L’oubli. J’ai une terrible mémoire, je ne suis pas observatrice et les événements qui meublent mon quotidien me traversent, ils s’impriment dans mon corps sans que mon cerveau ne juge nécessaire d’en garder trace, aussi il ne m’en reste souvent qu’une impression générale, une ambiance. Dans les moments de bonheur très grand, cette évanescence me désole. Je voudrais être capable de tout me remémorer: le visage exact de l’autre, la chaleur des rayons sur la peau, les saveurs, les images, les parfums. Pourtant, il ne me reste toujours qu’un sentiment vague — joie, sérénité, euphorie — et bientôt ce sentiment disparaît, il est remplacé par les mêmes sensations physiques, mais associées à des événements neufs.

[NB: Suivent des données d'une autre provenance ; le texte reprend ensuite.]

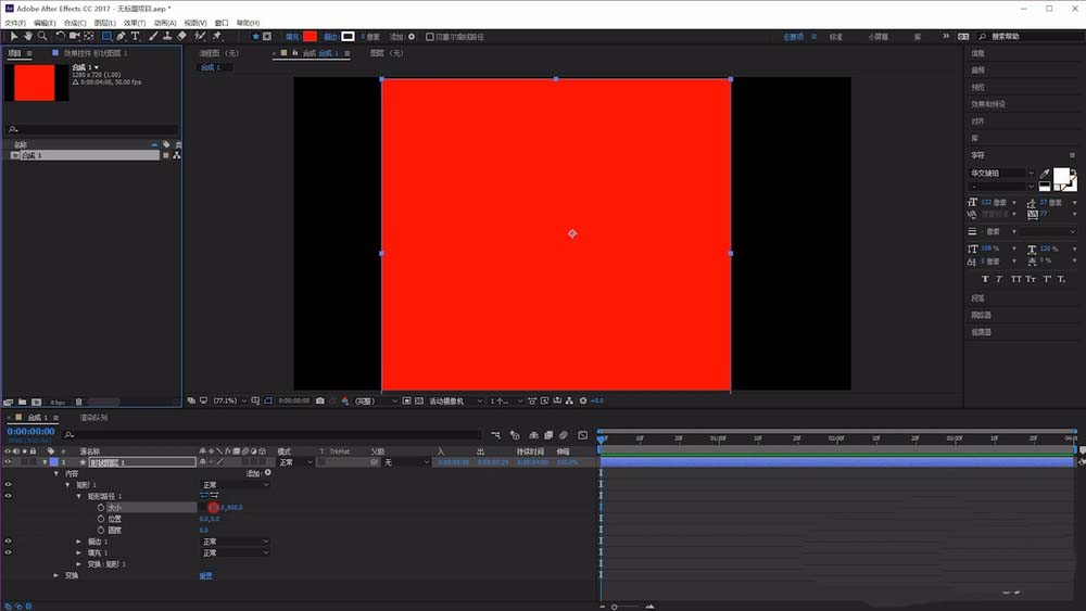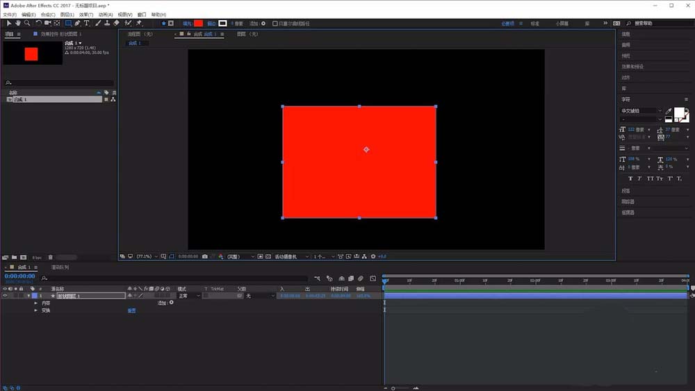 1、首先我们打开ae后制作一个矩形形状的例子。

Pour faire face aux moments difficiles, si j’en traverse, je voudrais avoir en poche une série de souvenirs précis plutôt qu’une impression de bonheur diffus, si profond soit-il.

Comment je veux mourir?

J’espère avoir assez jardiné, assez compris la terre et le sol pour vivre l’expérience de la mort sereinement. Je veux que les organes qui n’auront pas pu être greffés sur d’autres corps servent à engraisser l’humus d’une forêt, à enrichir la terre qui, pendant des décennies, se sera occupée de les nourrir. Une entreprise fait des recherches présentement pour créer une sorte d’œuf qui s’insère sous un arbre au moment de la plantation. À l’intérieur: la dépouille. Ce type de repos éternel me séduit. Nourrir un chêne ou un pommier rustique, devenir lui. J’aime l’idée que ses branches me tirent hors du sol en même temps que ses racines m’y plongent plus creux.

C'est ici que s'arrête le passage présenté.